Search code examples
javaaws-sdkamazon-dynamodb-streamsamazon-kcl

When AWS KCL processRecords is failed, how to "mark" that the records should be reprocessed?


I'm working with AWS DynamoStream which his API is based on the AWS KCL.

In cases I received records which I failed to process and I want those records to be available later to allow reprocessing of them. For instance I'm trying to save them to a remote DB and I experience network issues sometime.

My questions are:

  1. Can I use the Checkpointer in some way to indicate I Didn't handled the records?
  2. Should I just avoid executing Checkpointer.checkpoint()? will it have any effect if I still use it in the next call of processRecords?
  3. Is there maybe any exception I may use for that purpose?

Solution

  • KCL does not provide this sort of built-in redrive mechanism - once processRecords returns (whether it threw an exception or returned successfully), it considers those records as processed and moves on, even if internally it failed.

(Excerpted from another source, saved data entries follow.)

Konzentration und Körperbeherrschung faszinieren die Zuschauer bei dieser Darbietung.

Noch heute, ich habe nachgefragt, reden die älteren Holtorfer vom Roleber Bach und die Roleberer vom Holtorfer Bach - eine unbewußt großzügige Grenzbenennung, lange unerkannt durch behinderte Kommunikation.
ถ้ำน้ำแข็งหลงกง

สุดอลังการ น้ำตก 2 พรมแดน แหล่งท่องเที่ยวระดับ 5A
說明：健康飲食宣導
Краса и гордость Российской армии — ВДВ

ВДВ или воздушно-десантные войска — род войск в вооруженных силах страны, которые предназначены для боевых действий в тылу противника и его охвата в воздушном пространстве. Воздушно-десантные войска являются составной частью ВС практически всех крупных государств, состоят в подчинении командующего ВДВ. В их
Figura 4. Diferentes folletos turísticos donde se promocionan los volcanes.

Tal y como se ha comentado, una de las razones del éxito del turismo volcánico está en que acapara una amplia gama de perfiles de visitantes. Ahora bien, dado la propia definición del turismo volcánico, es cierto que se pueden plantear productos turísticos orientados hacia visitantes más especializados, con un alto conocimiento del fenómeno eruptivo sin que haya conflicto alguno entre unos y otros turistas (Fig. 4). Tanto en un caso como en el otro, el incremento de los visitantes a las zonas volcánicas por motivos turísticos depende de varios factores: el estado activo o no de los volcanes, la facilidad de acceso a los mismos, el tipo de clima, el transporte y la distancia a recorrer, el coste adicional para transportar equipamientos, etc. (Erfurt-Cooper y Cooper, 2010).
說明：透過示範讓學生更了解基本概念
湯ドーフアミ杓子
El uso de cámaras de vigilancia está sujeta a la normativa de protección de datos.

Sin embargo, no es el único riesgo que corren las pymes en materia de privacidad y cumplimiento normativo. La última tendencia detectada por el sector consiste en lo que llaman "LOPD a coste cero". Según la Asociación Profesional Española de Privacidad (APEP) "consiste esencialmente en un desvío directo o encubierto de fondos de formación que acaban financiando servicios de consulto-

    If you want to reprocess some records at a later point, you need to capture those records and store them somewhere else for reprocessing attempt later (with the obvious caveat that they won't be processed in order from the rest of the stream).

    The simplest solution for this is to have your record processor logic identify the failed records (before returning to KCL) and send them to an SQS queue. Then, the records aren't lost, and they're available for processing at your leisure (or by another process consuming the SQS queue, possibly with a DLQ mechanism for handling repeated failures / give-up scenarios).

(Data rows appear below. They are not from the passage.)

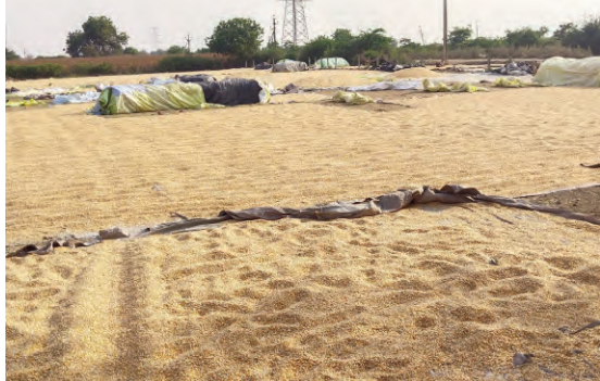
అరకొర కేంద్రాలు.. చాలీ చాలని గన్నీ బ్యాగులు..

మక్కల కొనుగోళ్లలో సర్కారు వెనక్కు తగ్గడం హాట్ టాపిక్ గా మారింది. రైతులు పండించిన పంటలో సగమే కొంటామని ఏకంగా ప్రభుత్వమే ప్రకటన చేయడం విద్వంసంగా కనిపిస్తోంది. ఈ అంశంపై ప్రతిపక్షాలు సైతం సర్కారుపై గురుగా ఉన్నాయి. నెత్తిబిని చెమటగా మార్చి రైతులు పండించిన పంటను కొనే దిక్కులేని దిక్కుమాలిన ముఖ్యమంత్రి దిగిపోవాలని కాంగ్రెస్ సత్య పార్టీలన్నీ దుమ్మెత్తిపోస్తున్నాయి. మక్కల కొనుగోలు విషయంలో రాష్ట్ర ప్రభుత్వం చేసిన ప్రకటనతో జిల్లాలో రైతుల గుండెల్లో రాయి పడింది. ఇటీవల జిల్లా రైతాంగం మొక్కజొన్నను ప్రధాన వాణిజ్య పంటగా మార్చుకున్నారు. గతంలో పత్తి, మిర్చి వేసే రైతులు సైతం మొక్కజొన్న పంటపై ఆసక్తి చూపుతూ ఈసారి మక్కల సాగుకు మొగ్గు చూపారు. జిల్లా వ్యాప్తంగా ఒక లక్షా 40 వేల ఎకరాల విస్తీర్ణంలో రైతులు మొక్కజొన్నను సాగు చేశారు. ఈసారి మునుపెన్నడూ లేనివిధంగా జిల్లా కేంద్రానికి సమీపంలో ఉన్న కొణిజర్ల మండలంలో 22 వేల ఎకరాల్లో మక్కలను సాగు చేశారు. దీంతో జిల్లాలో దిగుబడి బాగా పెరిగింది. ఎకరాకు సుమారు 40 నుంచి 45 క్వీంటాళ్ల వరకు పంట దిగుబడి రావడంతో రైతులు తమ కష్టాలు తీరుతాయన్న ఆశాభావంతో ఉన్నారు.
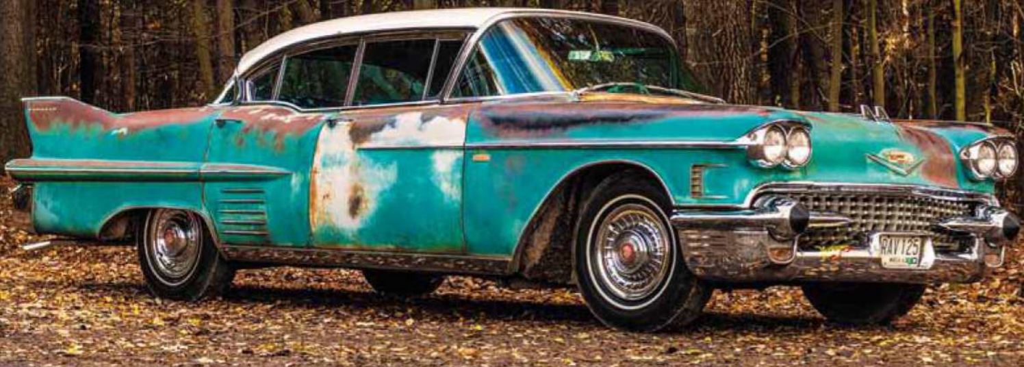
Ladné křivky prodloužené Extended Deck verze vyniknou i přes omšelý kabát. S délkou 225 palců vzbuzoval Zombielac respekt i v dobách, kdy dinosauři křížníky stály v Americe na každém rohu...
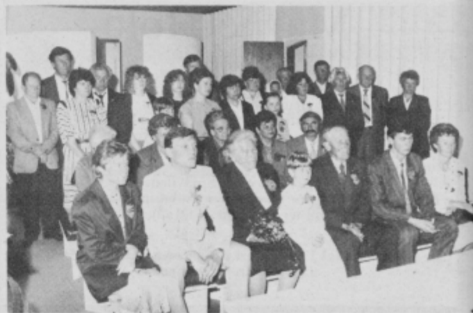
Zlatoporočenca ob slovesnosti v poročni dvorani matičnega urada v Ptujju.
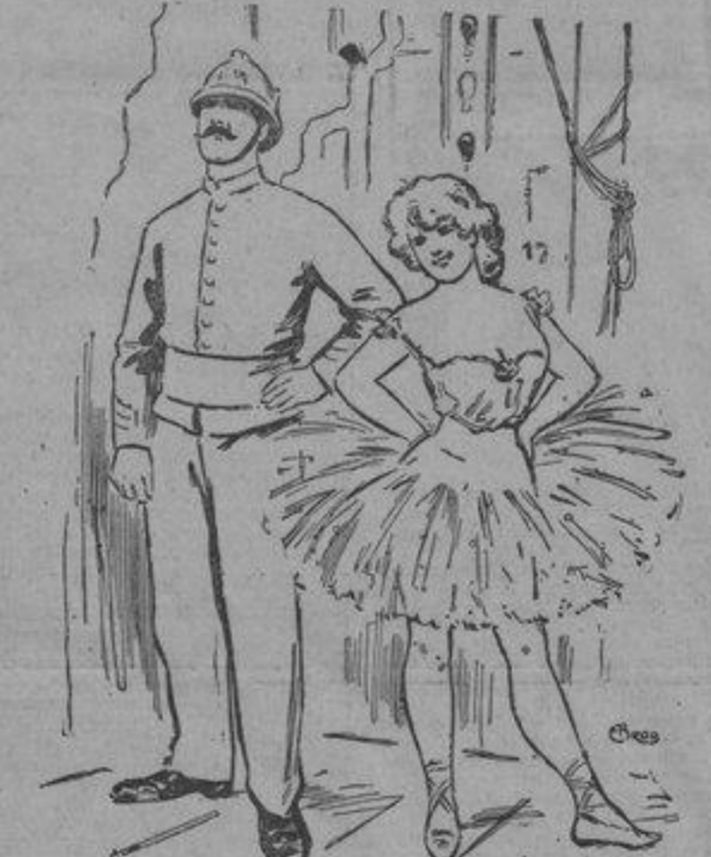
Le Pompier de Service
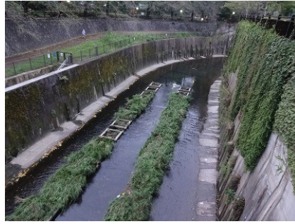
加賀橋上流の漁礁
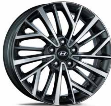
Jantes em liga leve de 18"

*equipamento disponível apenas nos pacotes opcionais: Style e Style Plus
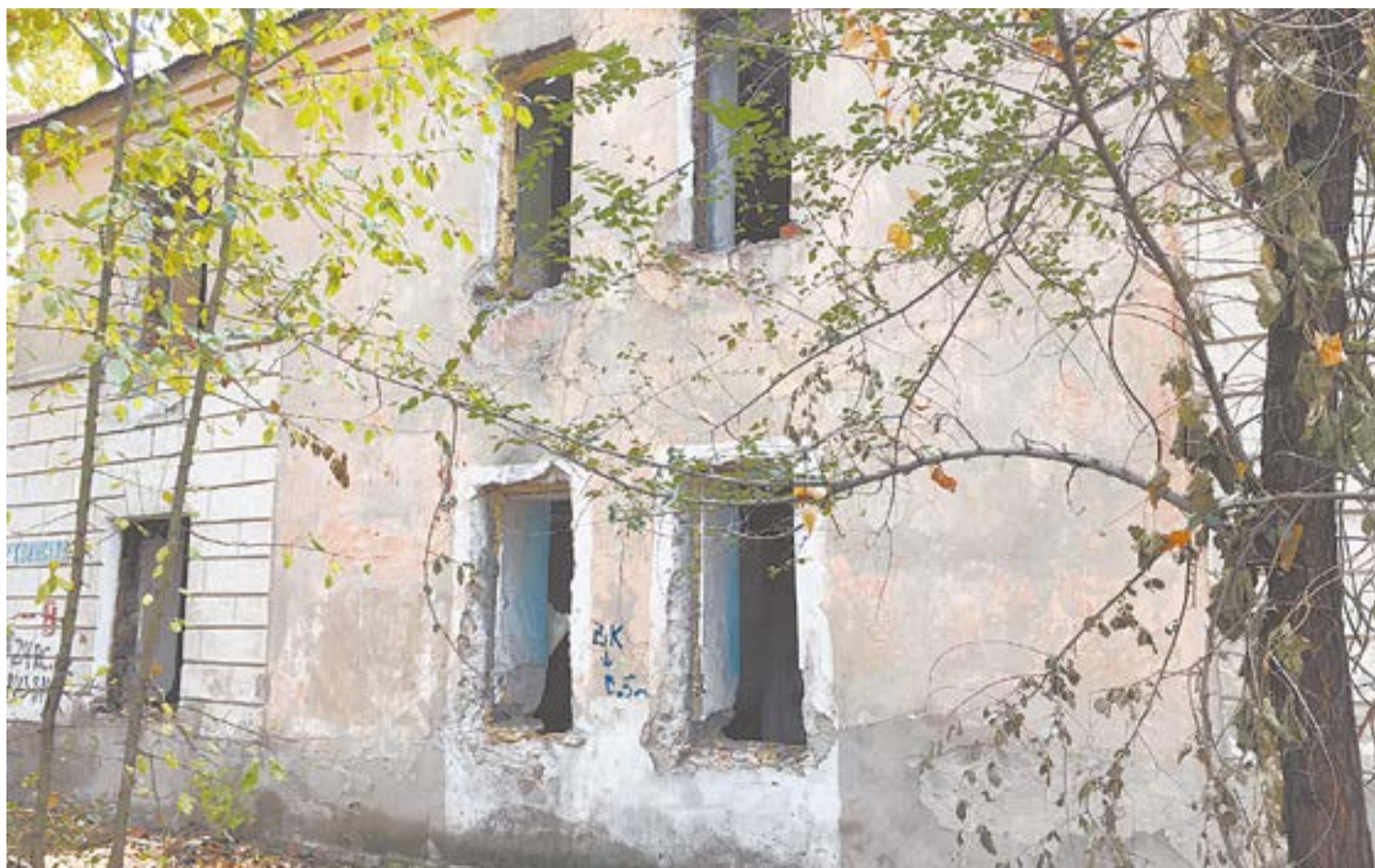
Дом снесут, а участок зарастет бурьяном.

Площадок под строительство МКД хватает. Ветхие строения потихоньку сносятся. Там остаются коммуникации: водопровод,

    To answer your specific questions:

    1. Nope. Checkpointing just says "I've got this far, don't look at things before the checkpoint"
    2. Think of checkpointing like a global state. Once it's set, it encompasses everything that came before it. You also don't need to checkpoint every call to processRecords - you might do it every X seconds, or every Y records, etc.
    3. Not at KCL level - you could use a special exception type internally, and catch that at your outer level of processRecords just before you return to Kinesis. Or you could just catch all exceptions - it's up to you and how specific you want to be with your redrive logic.